The idea was PCs typically had a much smaller pool of HP (starting "normal" but maxing out around 3-5 HD, maybe a bit more), but recovered all HP after each encounter.

Then someone said it was basically 4E with auto healing surges, so I dropped it.

It's really simple. Don't have adventures every day. Every time an adventure ends, tell the players they have a couple weeks of downtime to rest and recuperate from their traumatic experience. No change to rules mechanics required.
Are you suggesting no healing during the adventure (as in spending HD) or just you don't recover HD once spent during the adventure?

Or maybe I'm off the mark on your comment...?
 

James Gasik

We don't talk about Pun-Pun
Supporter
This was something I wanted to explore a while ago.

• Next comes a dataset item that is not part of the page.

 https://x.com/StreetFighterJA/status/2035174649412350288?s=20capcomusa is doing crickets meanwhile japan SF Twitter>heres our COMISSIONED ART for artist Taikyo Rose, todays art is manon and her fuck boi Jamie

The idea was PCs typically had a much smaller pool of HP (starting "normal" but maxing out around 3-5 HD, maybe a bit more), but recovered all HP after each encounter.

Then someone said it was basically 4E with auto healing surges, so I dropped it.

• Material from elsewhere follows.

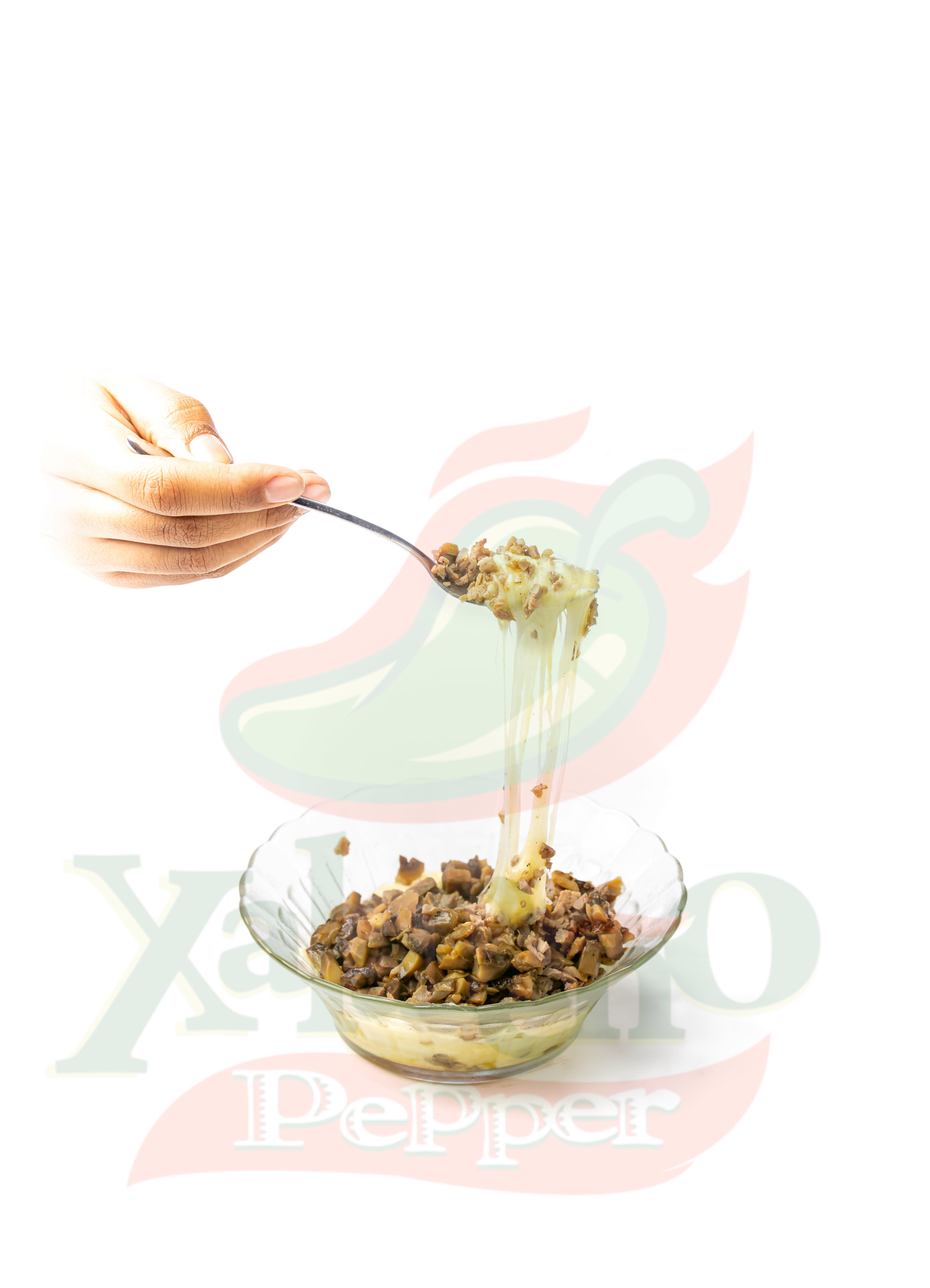 Papa asada con chmpiñón, queso amarillo y queso manchego

Are you suggesting no healing during the adventure (as in spending HD) or just you don't recover HD once spent during the adventure?

Or maybe I'm off the mark on your comment...?
No I'm saying we just assume that players deal with all the repercussions of their adventuring lifestyle off camera. That way no one is "perfectly fine" after an adventure, they are all assumed to recuperate for a week or two afterwards.

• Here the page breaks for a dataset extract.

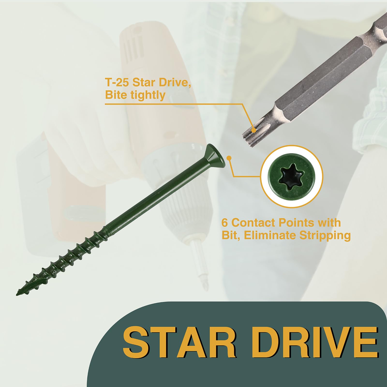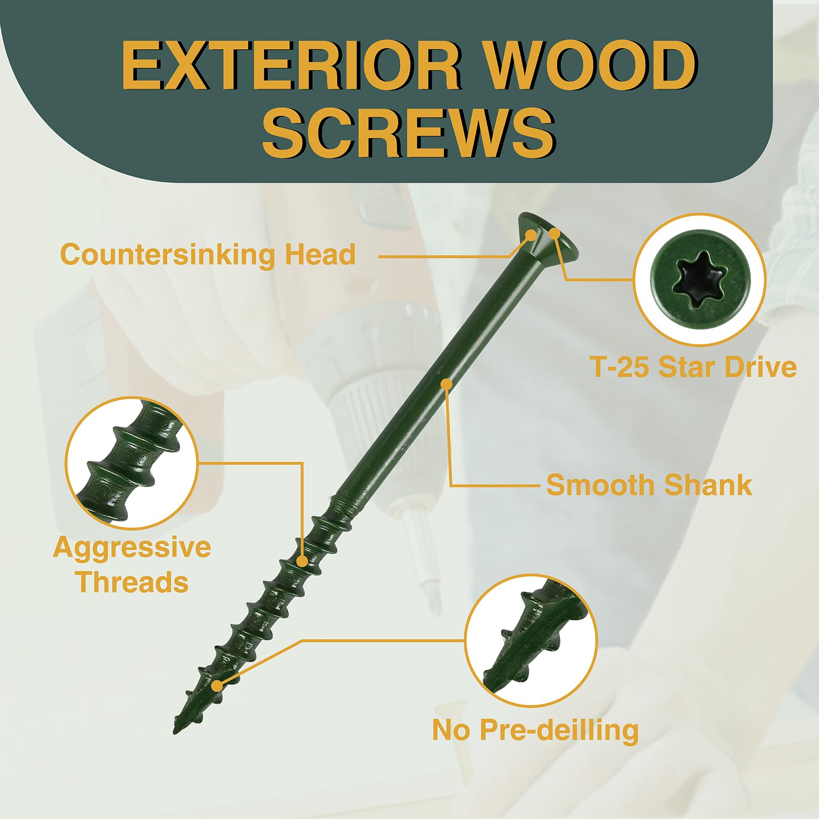 PREMIUM CONSTRUCTION: T25 Star Drive deck screws with countersinking head design and aggressive threads for superior holding power in wooden materials

Then they can be fine for the next adventure.
 

No I'm saying we just assume that players deal with all the repercussions of their adventuring lifestyle off camera. That way no one is "perfectly fine" after an adventure, they are all assumed to recuperate for a week or two afterwards.

Then they can be fine for the next adventure.
If it works for you. I would prefer the rules to actually attempt to represent and inform the fictional reality instead of being disconnected from it.
 

Charlaquin

Goblin Queen (She/Her/Hers)
But healing isn't the only thing Clerics are designed for.

That's my point. Healing is one tool in the Cleric's toolbox. That toolbox is full (IMO, overstuffed) with other cool and useful things the Cleric can do. Even for Clerics who specifically choose to hyperspecialize in healing or damage, they'll always have the expansive Cleric spell list, and even Life Clerics get spells that aren't strictly about restoring HP (bless, lesser restoration, guardian of faith, raise dead) as always-prepped spells. Admittedly, some of those are still healing-adjacent (lesser restoration in particular), but overall there's stuff you can do that doesn't require the party to specifically fail first.

Fighter, explicitly by design, doesn't do that. Like, the developers were straight-up explicit to us that that's what the Fighter is designed for. It is not designed for doing anything other than fighting. Subclasses naturally make this more complicated, but even the Eldritch Knight, the Fighter specifically about nicking spells from the Wizard, has dramatically curtailed access to any spells that aren't specifically abjuration or evocation...aka the two spell schools most specifically about fighting (defense and explosions.) To be specific, you can learn a grand total of 4 non-cantrip spells that aren't abjuration or evocation.
I mean, if the argument is “fighters should have more they can do outside combat,” I’m not disagreeing. But just because combat is something to be avoided if possible doesn’t mean fighters aren’t useful to have in the party. If the cleric analogy didn’t track for you, consider proficiencies (particularly skill proficiencies). They’re only useful when you’re rolling a check, which is another soft fail-state; when possible, you want to succeed without having to make a check, but skills are still useful to have, because no matter how skillfully you play, you will end up making checks sometimes; probably a lot of them. And when you do, you’ll be glad you have skills to help make them easier to succeed at. Likewise, while combat may be best avoided, it will happen sometimes; probably a lot. And when it does, you’ll be glad you have a fighter to help make sure you survive it.